[Start of section]
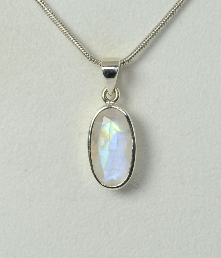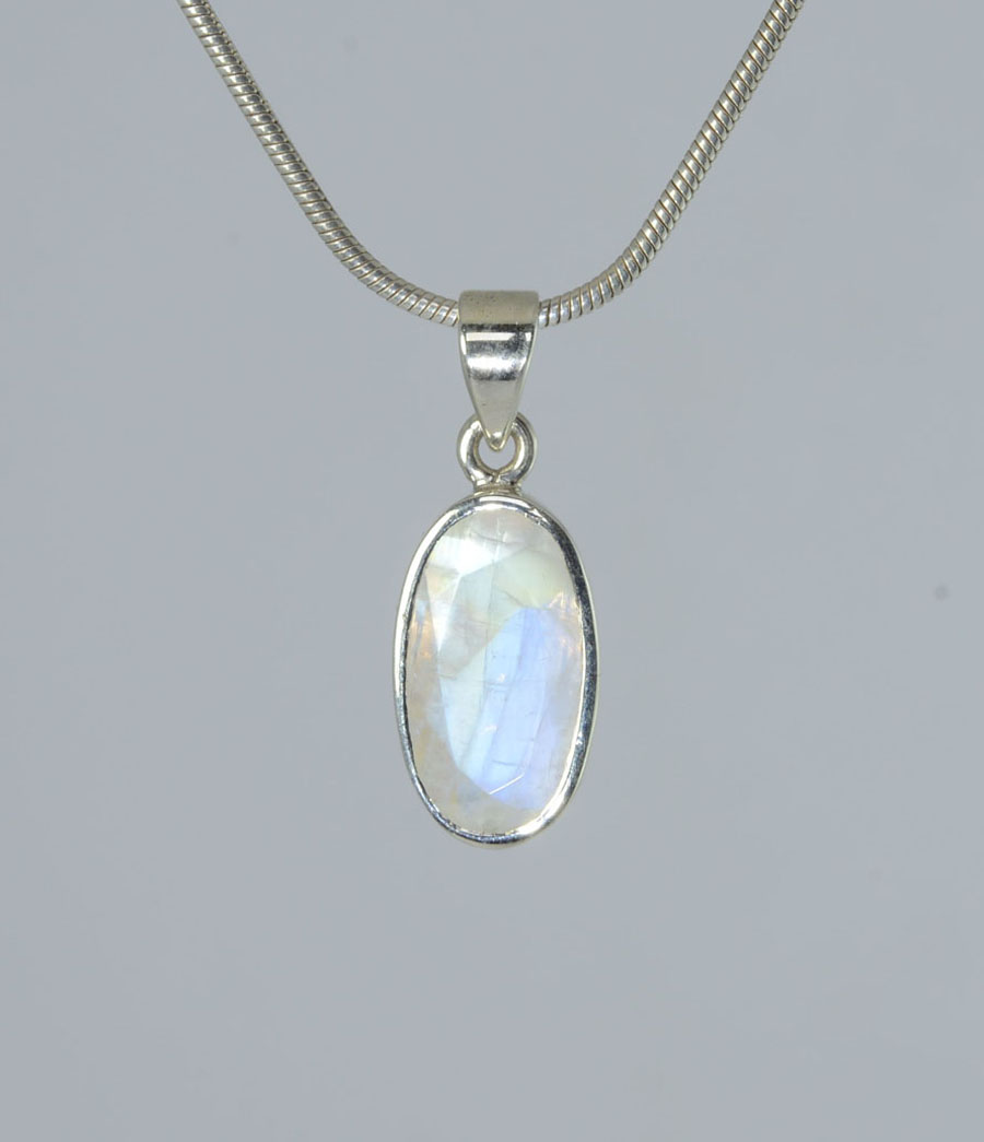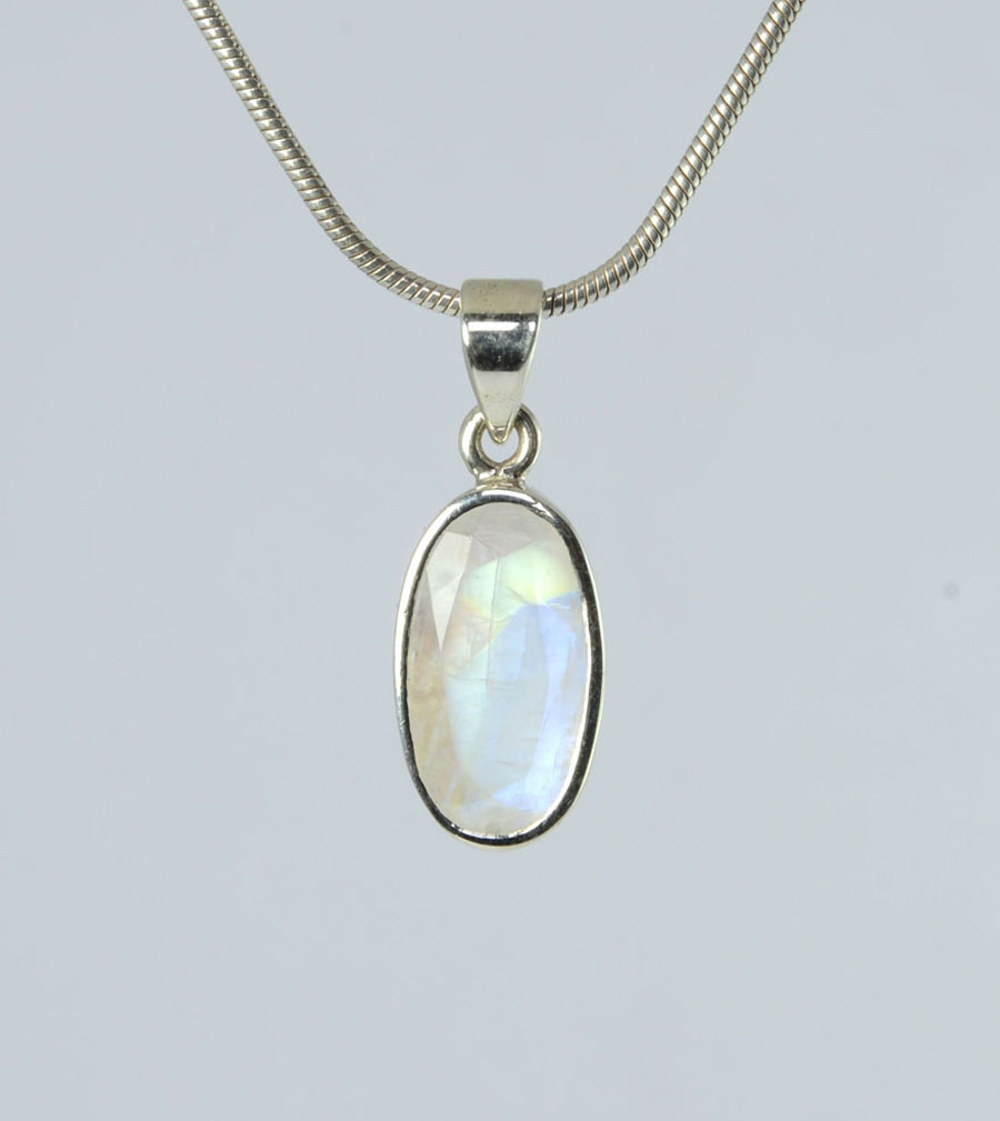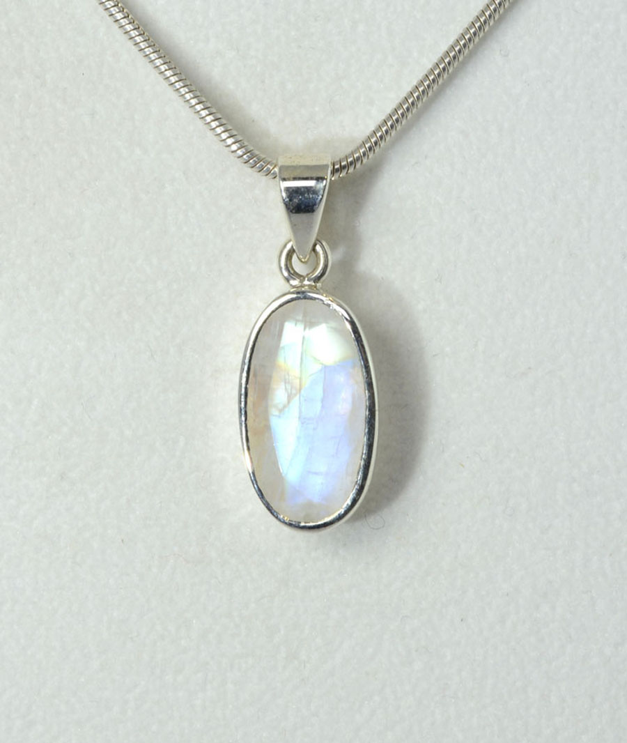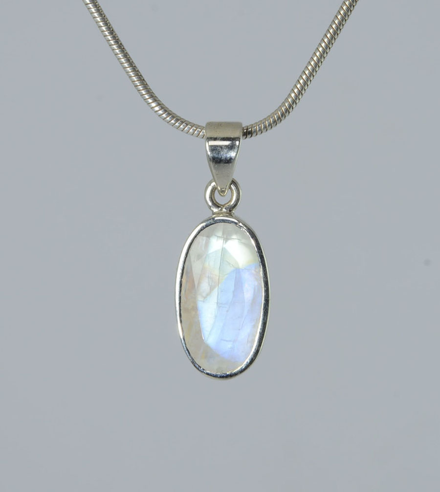 Zierlicher Anhänger aus weißem Labradorit, sehr klar und mit leuchtend blauem Schimmer. Der ovale Stein ist facettiert geschliffen und in Sterling Silber gefasst. Dieser weiße Labradorit-Anhänger ist ein Unikat.
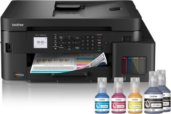 - INNOVATIVE REFILLABLE INK TANK TECHNOLOGY: Brother Genuine no-spill bottles quickly refill the tank in 30 seconds for color, 65 seconds for black. The design prevents inserting the incorrect bottles for each color. Includes up to 3 years of ink in-box(1).
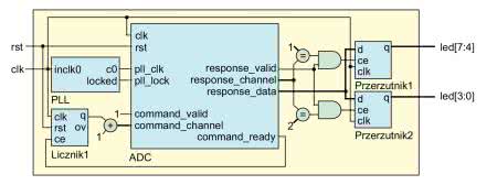 Na rysunku 2 widoczne są dwie magistrale, pozwalające na obsługę przetwornika. Pierwsza z nich, wejściowa, pozwala na wybór kanału. Kiedy zakończy się konwersja, na magistrali wyjściowej pojawi się numer zmierzonego kanału oraz uzyskana wartość. Ostatnim elementem jest zegar, który taktuje przetwornik. Na stałe jest to zerowe wyjście z bloku PLL, na cztery dostępne (phase lock loop, czyli pętli synchronizacji fazy). Dzięki temu można zmieniać częstotliwość próbkowania w szerokim zakresie. Dokładny opis bloku znajduje się w dokumentacji technicznej [3] zegara.
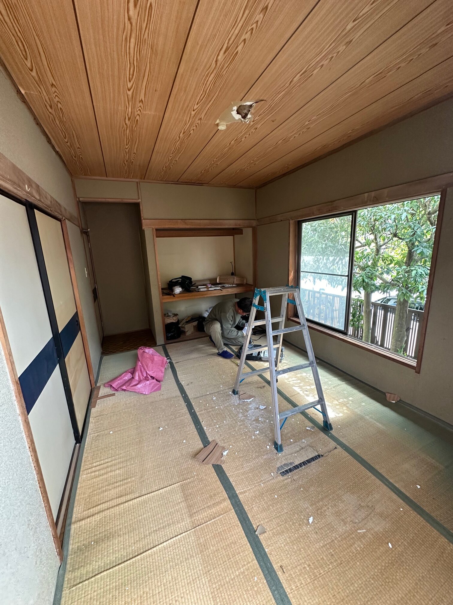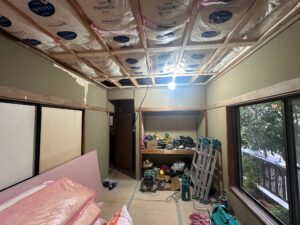 さらに天井も解体し、断熱材を新たに充填いたしました。
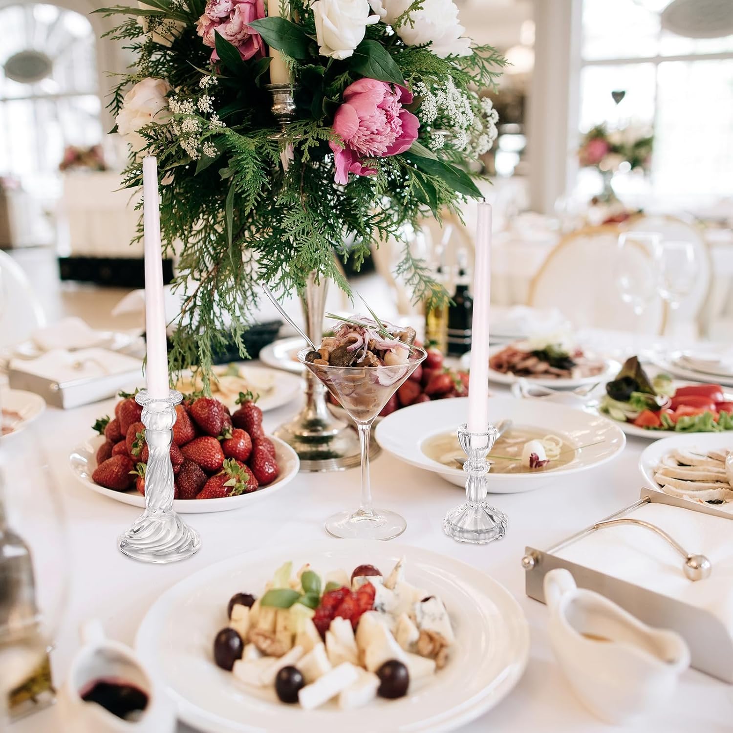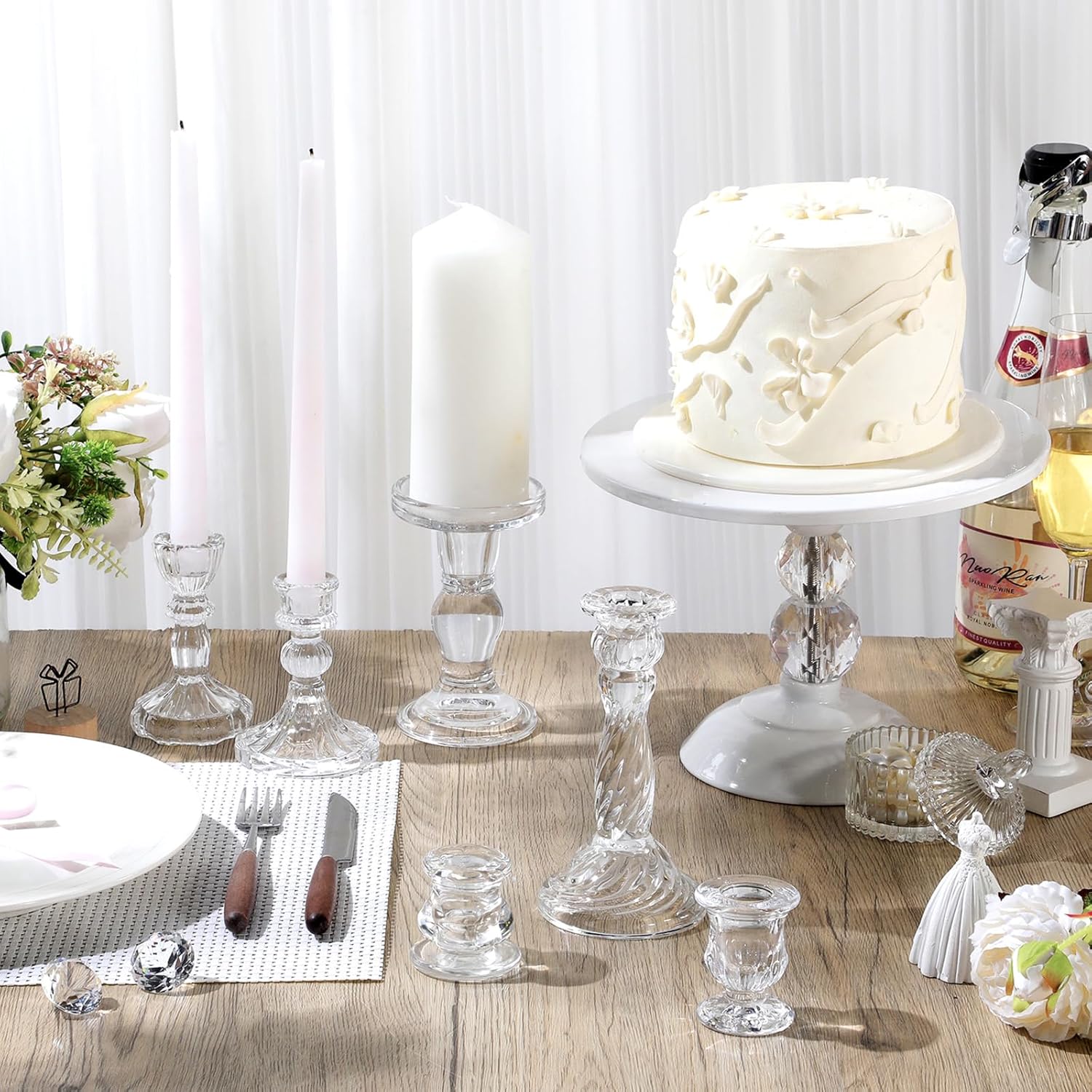 Mumufy 6 Pcs Glass Crystal Taper Candle Holders Clear Glass Candlestick Holder Fit 0.8 Inch Candles Crystal Decorative Candle Stand Centerpiece Table Wedding Dining Party (Simple,Clear)
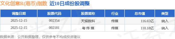 近10日内文化创意R(港币)(480047)指数成份股做了调整,新纳入了2只股票。
[End of section]
(TASK TO CARRY OUT):
Each record has to be set down verbatim, and the pictures must not appear in the copy.

(SOLUTION TO THIS EXERCISE):
 Zierlicher Anhänger aus weißem Labradorit, sehr klar und mit leuchtend blauem Schimmer. Der ovale Stein ist facettiert geschliffen und in Sterling Silber gefasst. Dieser weiße Labradorit-Anhänger ist ein Unikat.
 - INNOVATIVE REFILLABLE INK TANK TECHNOLOGY: Brother Genuine no-spill bottles quickly refill the tank in 30 seconds for color, 65 seconds for black. The design prevents inserting the incorrect bottles for each color. Includes up to 3 years of ink in-box(1).
 Na rysunku 2 widoczne są dwie magistrale, pozwalające na obsługę przetwornika. Pierwsza z nich, wejściowa, pozwala na wybór kanału. Kiedy zakończy się konwersja, na magistrali wyjściowej pojawi się numer zmierzonego kanału oraz uzyskana wartość. Ostatnim elementem jest zegar, który taktuje przetwornik. Na stałe jest to zerowe wyjście z bloku PLL, na cztery dostępne (phase lock loop, czyli pętli synchronizacji fazy). Dzięki temu można zmieniać częstotliwość próbkowania w szerokim zakresie. Dokładny opis bloku znajduje się w dokumentacji technicznej [3] zegara.
 さらに天井も解体し、断熱材を新たに充填いたしました。
 Mumufy 6 Pcs Glass Crystal Taper Candle Holders Clear Glass Candlestick Holder Fit 0.8 Inch Candles Crystal Decorative Candle Stand Centerpiece Table Wedding Dining Party (Simple,Clear)
 近10日内文化创意R(港币)(480047)指数成份股做了调整,新纳入了2只股票。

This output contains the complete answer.